Starfield by Bethesda -- PC and Xbox exclusive -- 09/06/23

The landing from orbit thing is pretty much perfected by star citizen, but I’m not sure how critical it is to an actual game.

Again, people looking for something to whine about. They said they looked at it and the amount of resources it would take and decided those resources were better spent elsewhere. Seriously, some of the nitpicking on this game is getting tired.

There’d be one loading screen for the stratosphere, one for the ionosphere, one for low orbit and then up, up and… one for high orbit, then AWAY!

I agree. And it’s pretty ironic, gamers wishing this was more like No Man’s Sky after how viciously that game got treated upon release.

Speaking like you are unaware how far that game has come since it launched. I still don’t get the abject love for Starfield that exists around here. I hope it turns out great, don’t get me wrong, but I’m at best cautiously optimistic.

Not sure why you think that, but I’m aware. :)

Did you think I was expressing abject love for Starfield?

I’m not calling anyone specific out.

I don’t know about ‘love’, but for me it’s simply that something new from Bethesda Game Studios is always a bit of an event. Morrowind, Oblivion, Skyrim, the Fallouts - there’s nothing else quite like them, even if they’re all buggy, clunky, and kind of ugly in places. Looking forward to playing whatever they deliver!

I can understand that, but for me Fallout 4 had many problematic design/mechanics issues, and then Fallout 76. So it’s been 11 years since they have really been what I like in RPGs in enough ways to not get an auto pass. The direction in game design moves along a path I am not sure about yet.

Kerbal Space Program of course. Maybe Elite?

I still don’t get the amount of anxious griping and rivet counting that is going on currently with Starfield - just wait and see when we get actual reviews, instead of being so pessimistic already.

I also am not calling anyone specific out.

As one that has over 1500 hours in Skyrim, across many platforms, hundreds of hours in Fallout 4 as well (Not to mention ESO, Morrowind, Daggerfall and Oblivion), I am naturally interested in this. Fallout 76 I dislike, but that doesn’t mean I can’t enjoy the next game Bethesda releases.

I won’t speak for SPACE games but in RPGs a seamless world is actually really cool and prevents developers from cheating the environment/level design.
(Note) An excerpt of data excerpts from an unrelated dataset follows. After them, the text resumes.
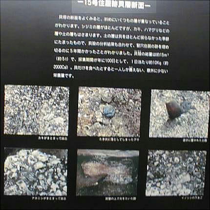 展示館内では毎日1時間おきに大スクリーンが、縄文時代とこの貝塚の説明を行っている。
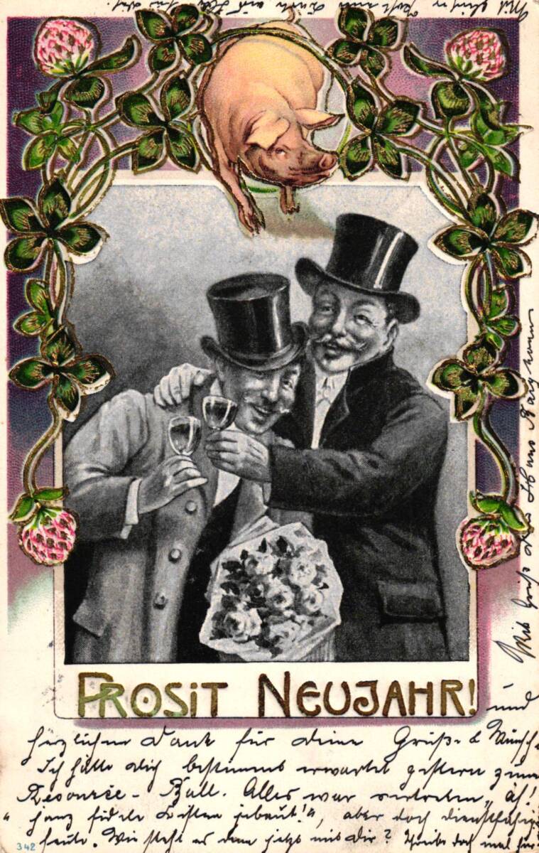 Neujahr, Männer mit Weinglas, Glücksschwein, 1903 postalisch gelaufen, minimal eckbestossen, sonst einwandfreie Erhaltung.
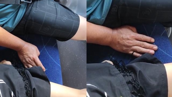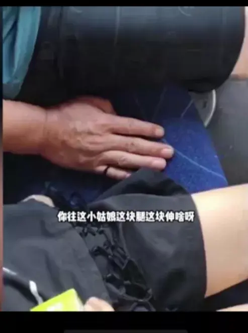 从网友上传的视频可以清晰的看到,小女孩的腿已经快挪到座位最边上了,旁边那只魔爪依然没有打算放过她,继续伸到她的腿下面!
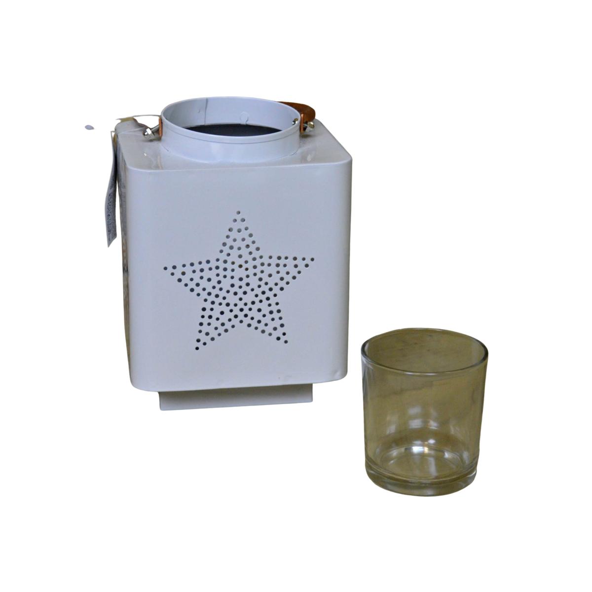 Metal Star Design Lantern With Glass Candle Pot and Copper Handle - White
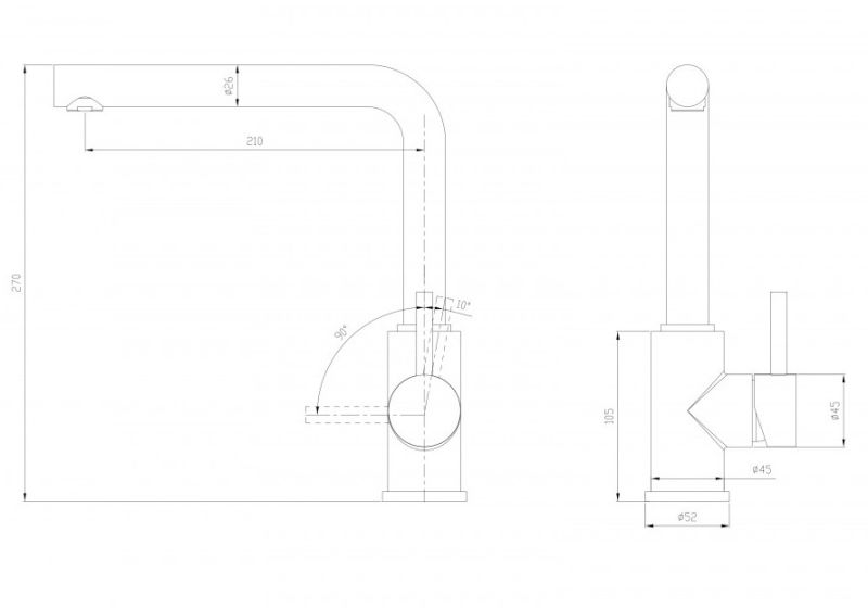 Ручка управления горячей и холодной водой имеет углы открытия 10° к стене и 90° от стены, что позволяет устанавливать смеситель максимально близко к стене.
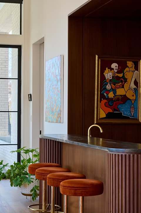 Duże przesuwne drzwi otwierają przestrzeń na kamienny taras i basen, tworząc płynne przejście między wnętrzem a ogrodem. Cały dom zaprojektowano z myślą o codziennym komforcie i naturalnej integracji z otoczeniem – to miejsce, które sprzyja zarówno rodzinnemu życiu, jak i chwilom wyciszenia.
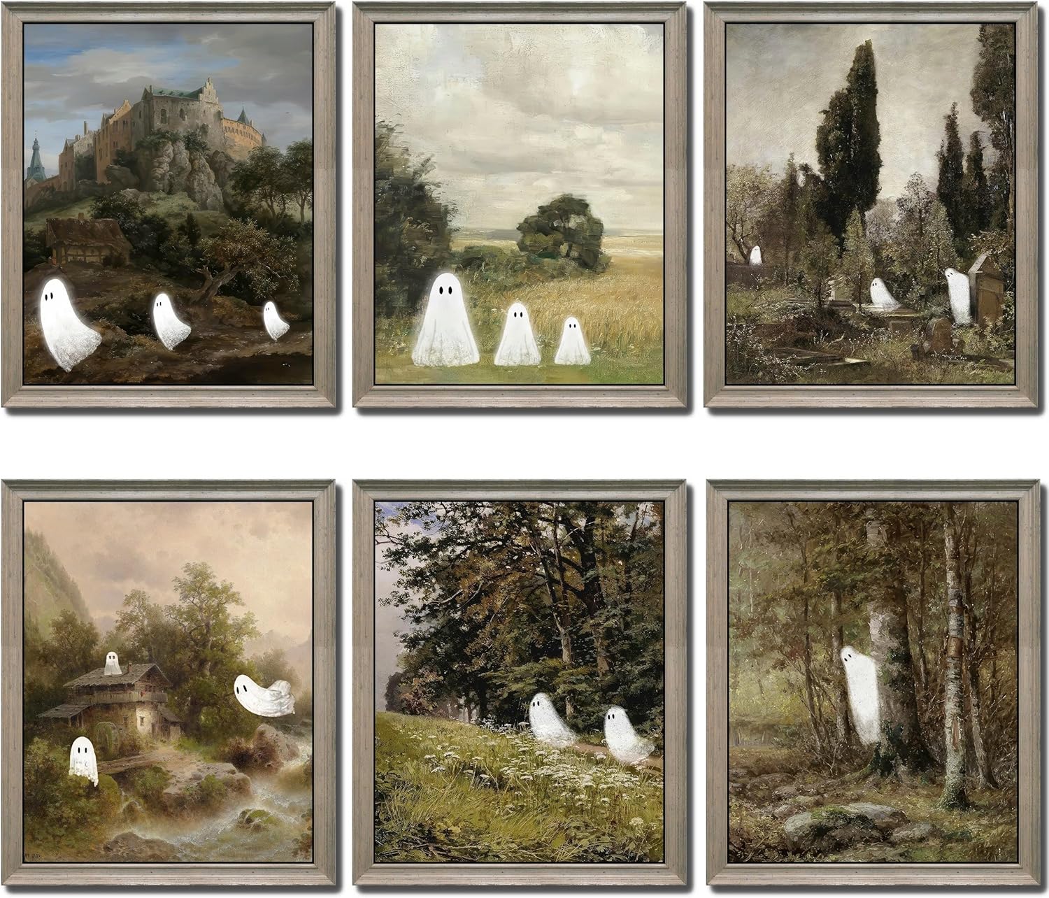 LANCHI95 6 Pcs 8x10in Halloween Wall Art Prints, Vintage Posters, Cute Ghost Pictures for Bedroom Decor (UNFRAMED)
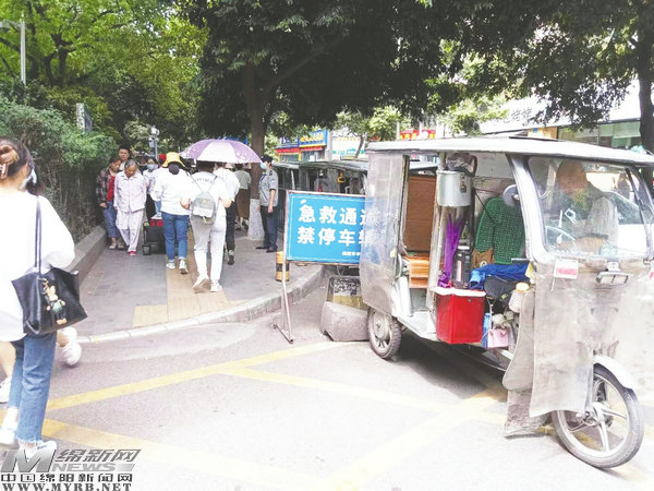 近日,涪江觀察《三輪車占道攬客,小攤擺上人行道!醫(yī)院外生命通道遭遇“腸梗阻”》一文,報道了綿陽市中心醫(yī)院急診科前三輪車占道攬客、人行道上小商小販擺攤賣貨,給生命通道添堵一事。 [
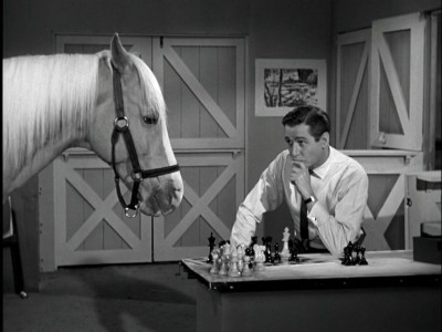 I’ve never understood why Mister Ed, as well as other series from the later, so-called “fantasy period” of middle-60s network television programming, has garnered only grudging respect at times from self-serious critics and historians. Is it because the central plot element―a talking horse―is just too ridiculous to be taken seriously? Stretching that point a bit, I don’t see why that should be, when logic-straining fantasies like Harry Potter and Star Wars are regarded with almost Talmudic reverence today.
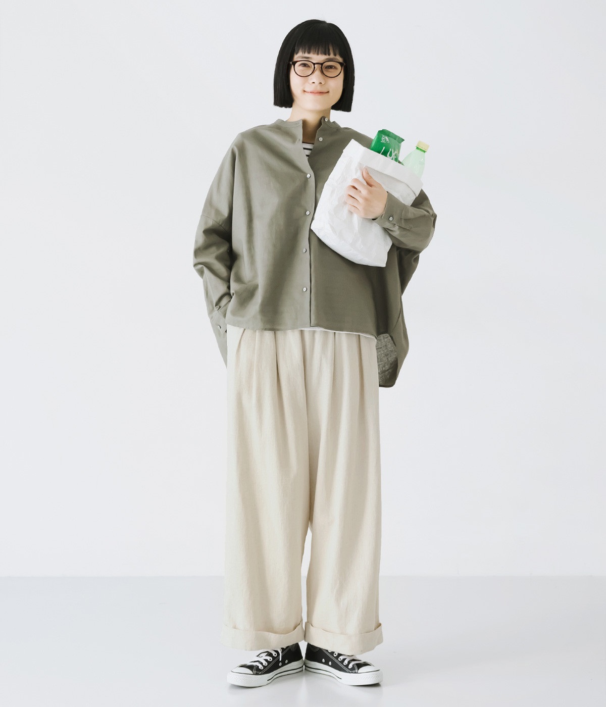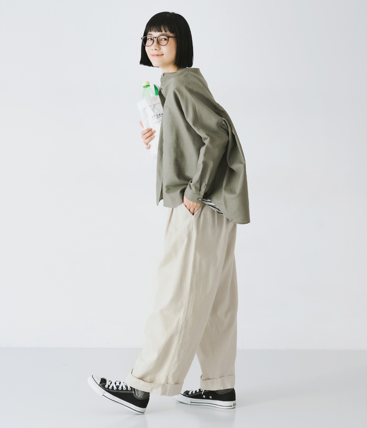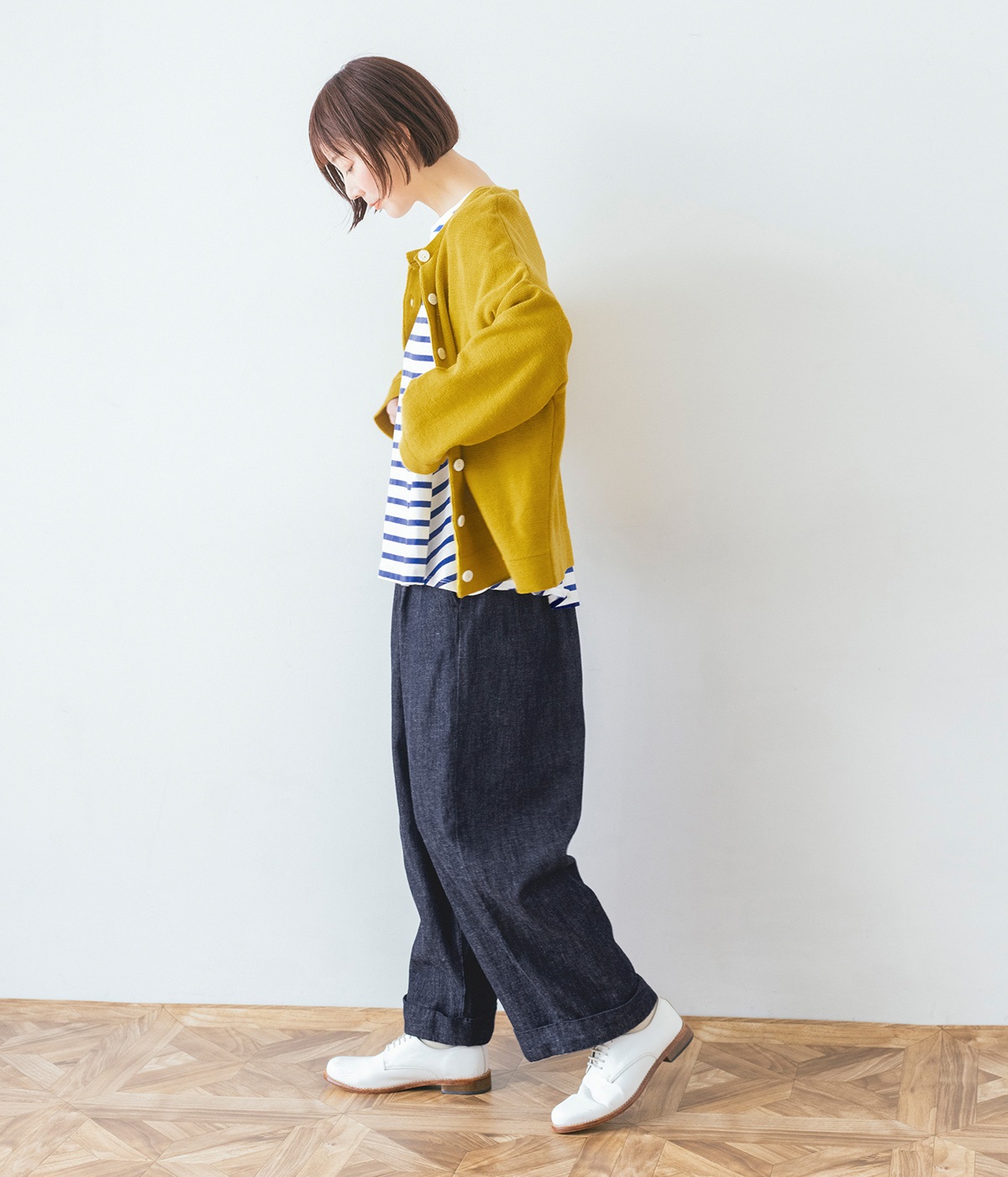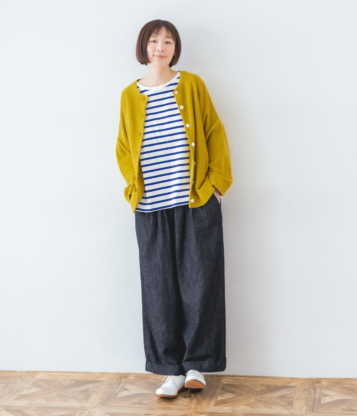 はくほどになじんでいくコットンリネンデニム素材を使用

See Dark Souls, or even Dungeon Siege. You can’t enter a house and have it be magically bigger on the inside. It has to fit the actual size of the house.

I don’t think Bethesda will do this though. They have always cheated.

Fallout 4 was pretty great. With Fallout 76, the writing was on the wall well ahead of time - it wasn’t even really made by the main Bethesda team that makes their RPGs. I looked and felt like corporate cash-grab pushed down from above.

(Nowadays, after several patches, Fallout 76 makes for a decent enough Fallout 4.5.)

Starfield may not be perfect, but it certainly won’t be a Fallout 76.

For the record, I hope your right.

F76 was a historic disaster. The dev team made every mistake imaginable in the most inexcusable possible manner, not learning from other MMOs that came before. It was a clown-shoes mickey-mouse big-money spectacle of the highest order, and quite amusing from the sidelines. Who could have imagined that Zenimax would allow such a thing to happen to their second most valuable IP? How many levels of managemental ineptitude led to the game even being released in that state?

Given the above, sure-- Starfield could very well be awful. Hopefully not, but they permanently damaged their reputation with F76.

The thing that struck me about this article is we still have sci-fi fans desperately searching for the game they’ve dreamed about playing their entire lives.

There’s no hope for Starfield to live up to this. Meanwhile, I’m concerned the game will be evaluated against a dream instead of for what it is.

Eager transitioners do have NMS, Star Citizen and Starlink. Brian says Rodina and Evochron do it too. Starfield-specific worries seem a bit… specific.

Elite too maybe, though it’s not big on dialog trees.

If we want them to craft those big, environmental storytelling-filled areas Bethesda is so good at, it can’t be that you can just land anywhere on the planet. The total amount of area that needs to be made this way for a large number of planets is inconceivably huge. You’d then need a whole bunch of procedural generation, with the result being that it’d be quite generic and boring for the most part.

I seriously do not care about seamless transitions from planet to space. If a game has them, then great. If a game doesn’t, then as long as the other systems work well I’m okay.

With Starfield, I’m more worried about the general jank all Creation Engine games have, as well as the mediocre to poor walk/run/combat animations for characters.

This makes a lot of sense to me, now that you point it out like this. Thanks!